To be honest, I think the stats module just keeps a copy of statistics
data in each module. If the target module say "the new value is 100",
the stats replaces the old value with the new value.  I think the
stats module might make no sense if a administrator can invoke the
'getstats' command of each module via bindctl.

> - keeping statistics even if some (instance of) module stops would
>   generally make sense, but I'm not sure if it's always the case.
>   If someone completely stops authoritative service once and then
>   restarts it with a completely new set of config weeks later, it
>   would rather be desirable if we start from fresh statistics.

In that case, the administrator might have to restart the stats module
too. The old statistics data must be discarded.

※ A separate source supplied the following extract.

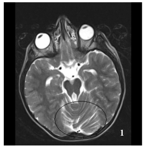
Figure 1. Cerebellar peduncles and vermis hypoplasia in Joubert's syndrome

demonstrated in ADHD. Areas of decline are especially prefrontal cortex, basal ganglia, cerebellum and temporapariatel areas. In addition, problems in completing a timing task in ADHD were associated with the cerebellum [10]. In neuroimaging studies performed on schizophrenia, it has been shown that there are pathologies in the cerebellum vermis, particularly in relation to the dysfunctions associated with certain tasks. Cerebellar dysfunction also causes various developmental problems such as ADHD, autism, and dyslexia. Studies have shown that inferior-posterior vermis of cerebellum in children with ADHD is smaller when compared to the control group [11]. In patients with ADHD, structural delayed fronto-striatal. fronto-temporo-parietal, and fronto-cerebellar nerves were shown in the structural MR studies compared to control groups. It is known that the above-mentioned networks are mediated by cognitive functions. In ADHD, decreased volume and increased cortical density are observed in the frontal brain regions, parieto-temporol area, basal ganglia, posterior cingulate, cerebellum, and splenium of the corpus callosum [12].

> - does that make sense? "If the target module caught an error when
>   returning, the module should return (1, 'error message'), the
>   return code is 1 and the error message is included detail of
>   the error. Error message is text type."  If responding to a stat
>   request fails, it's also pretty likely that sending an error message
>   fails too.

If the target module can reply via CC-session and if it cannot reply
statistics data, it can include the reason in the error response. But
I think such case is very rare. We might not have to consider the case.

> - related to the previous point, what should the sending module do
>   about the statistics if sending statistics fails?  Keep it until the
>   next request?  Clear it?  Like asked above, what if the amount could
>   be huge?

In this document, it should keep statistics data which it fails to
send. And when the module asks next time, it should reply again.

> - I guess we need to revisit the representation of statistic
>   (counters), especially in terms of the spec.   Things like per
>   RR-type counter aren't easily represented in this style.

I think JSON format isn't basically friendly to represent varying
statistics data. :(

> - Now that we switch to the "request model", I think it also makes
>   sense to consider more synchronized update upon user request (via
>   bindctl or http).

Do you mean a new command for the stats module to collect statistics
data is needed? e.g a "collect-immediate" command. That makes sense
for me if so. But if a administrator sets 'poll-interval' to 1,
statistics data would be refreshed after a second. But I didn't make
such a command because of preventing a high load in system.

In case of the multi-process model and the inter-communication
protocol, It is difficult for me to design statistics data collection
and to keep consistency of that, I think. :(

Thanks,

Naoki Kambe